Bradley Automotive
- Industry: Automotive
- Predecessor: Gary's Bug Shop
- Founder: Gary Courneya David Bradley Fuller
- Fate: Bankruptcy
- Successor: Classic Electric Cars Corp. Electric Vehicle Corporation
- Headquarters: Plymouth, Minnesota, United States
- Products: Bradley GT, Bradley GT II
- Parent: Thor Corporation

= Bradley Automotive =

Defunct American motor vehicle manufacturer

Bradley Automotive was an American automotive company that built and sold kits and components for kit cars as well as completed vehicles. They were based in Plymouth, Minnesota. The company began selling kits in 1970 and ceased operations in 1981.

==Company history==
In the late 1960s, Gary Courneya and David Bradley Fuller were introduced by a mutual friend. Fuller had been running a small fiberglass design company, and Courneya had earlier been in sales in Beverly Hills, California. The two partnered in a business, Gary's Bug Shop, which produced parts and kits for the dune buggy market. Fuller designed the bodies, and Courneya handled sales.

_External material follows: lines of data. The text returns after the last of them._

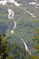 Panhandle Falls is a long series of falls and slides that pour out of Panhandle Lake, dropping about 1000 feet before it hits a flat area near an old logging road. The falls can be partially seen from the end of FR 2162 near the Green River trailhead (and may be more visible near the Pole Star Mine further down spur 036), but approaching the falls closely will require following the aforementioned logging road for a little over a mile to the bottom of the falls. I expect it to be heavily overgrown and possibly not even followable in many places.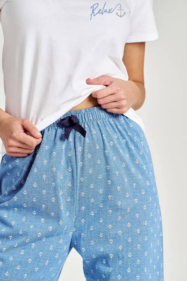 Piżama damska wykonana z wysokiej jakości bawełny.Koszulka z krótkim rękawem, na piersi delikatny nadruk.Długie spodnie, wzór w kotwice, w pasie ozdobna kokardka. Skład: 100% bawełna.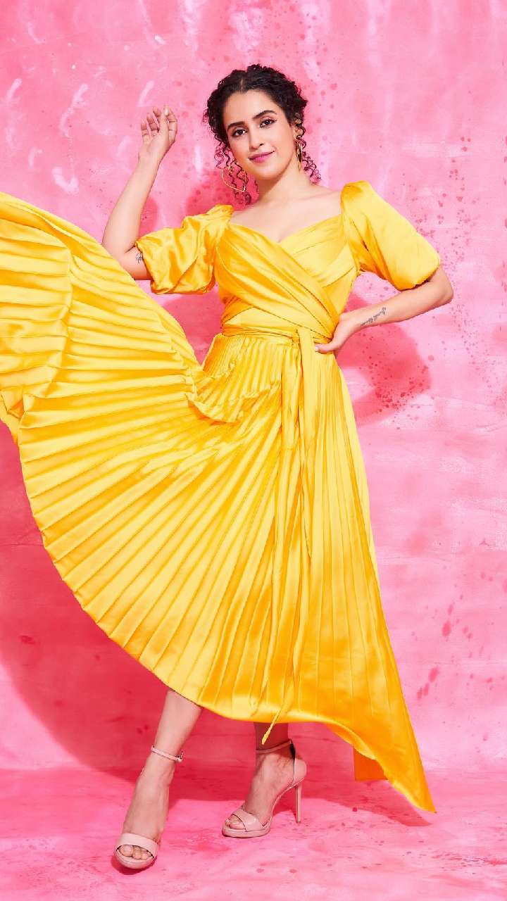 अभिनेत्री का येलो साटन शार्ट ड्रेस लुक बेहद ग्लैमरस है। आप भी इस लुक को रीक्रिएट करके सान्या की तरह प्रिटी लग सकती हैं।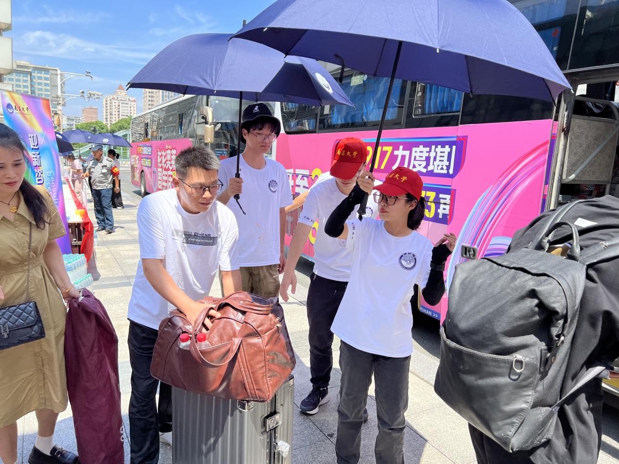 学院与校团委青年志愿者协会的志愿者,在南昌站共同迎接2023级新生的到来。新生们一到站下车,就会有志愿者上前迎接,提供力所能及的帮助。从出站口到新生接待站点,全程都有志愿者帮忙提行李、回答问题,绘声绘色地介绍美丽多彩的南大校园。

Period advertising copy for Gary's Bug Shop lists a variety of different models already bearing the Bradley name, including the Bradley "T" Roadster, the Bradley Bandit and the Bradley Baron. This last model was a dune buggy with a hardtop and gull wing side panels. Also mentioned was a forthcoming Bradley Elan GT.

Bradley Automotive began selling their first product, the Bradley GT, in 1970. Like the earlier products of Gary's Bug Shop, the car was built on the chassis of the original Volkswagen Beetle. Interest in the new GT was generated by advertising widely in a broad range of popular magazines. Anyone wanting more information was asked to send US$1 to the company for a brochure. When this promotion began, neither the brochures nor car existed.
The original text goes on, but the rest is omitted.